8 de septiembre de 2020.
Todavía hay vivos por las calles.
Pájaros.
Nubes.
Viento.
Luz.
Y poco más.
Los árboles me saludan al pasar
cuando voy medio dormido a la piscina.
Les devuelvo el saludo.
Una hoja me grita algo pero no quiero saber qué es.
El gimnasio es un gran sepulcro.
Blanco.
Y con una lápida vieja
que dice noséqué de una inauguración.
En recepción
una muerta sin enterrar
me mira fijamente tras la mascarilla.
Masculla un saludo ininteligible.
Si pusieran un robot sería más cálida la bienvenida.
Y en justa correspondencia
de vez en cuando
yo le regalaría algunos chips que estuvieran de moda.
En el agua nadan algunos futuros cadáveres.

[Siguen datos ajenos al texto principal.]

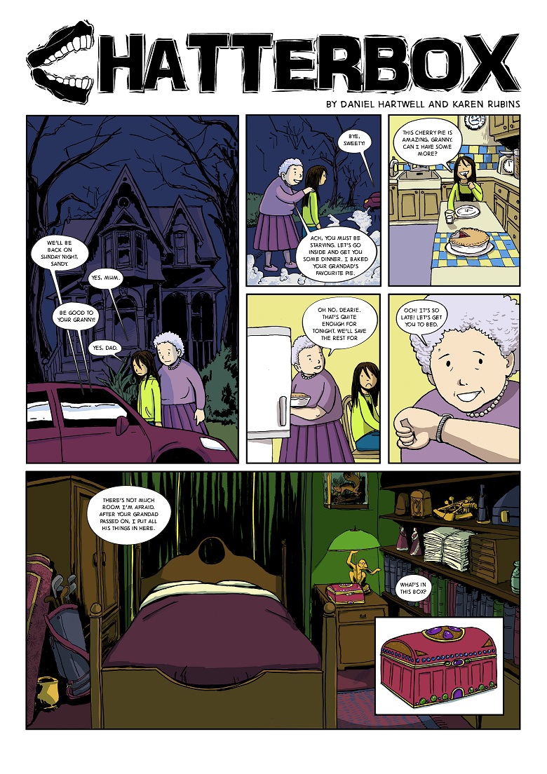 Daniel: Karen and I met for a brainstorming session in the British Library. We came up with lots of different ideas for stories including Chatterbox that day. Though the title only hit me on the way home. I texted it to Karen straight away and she loved it.

El socorrista hace tiempo que falleció.
Probablemente semanas y nadie se atreve a cambiarlo.
Sigue inmóvil en la silla
envuelto en su mortaja amarilla.
Nado un buen rato pero sin ganas.
En los vestuarios algunos zombis se están duchando.
El silencio es el rey.
El agua de las duchas cuchichea cosas que prefiero no saber.
Vuelvo a casa.
A esta hora la temperatura es bastante agradable.
Los ojos de las casas tienen aún las pestañas bajadas.
La nada me saluda en las calles.
Miro sus ojos.
Está llorando.
Quiero consolarla pero no se deja.
Se aleja acompañada del viento sin decirme adiós.
Busco dentro de mí una ilusión.
No la encuentro.
Quizá las ilusiones se han fugado a algún planeta bonito del universo.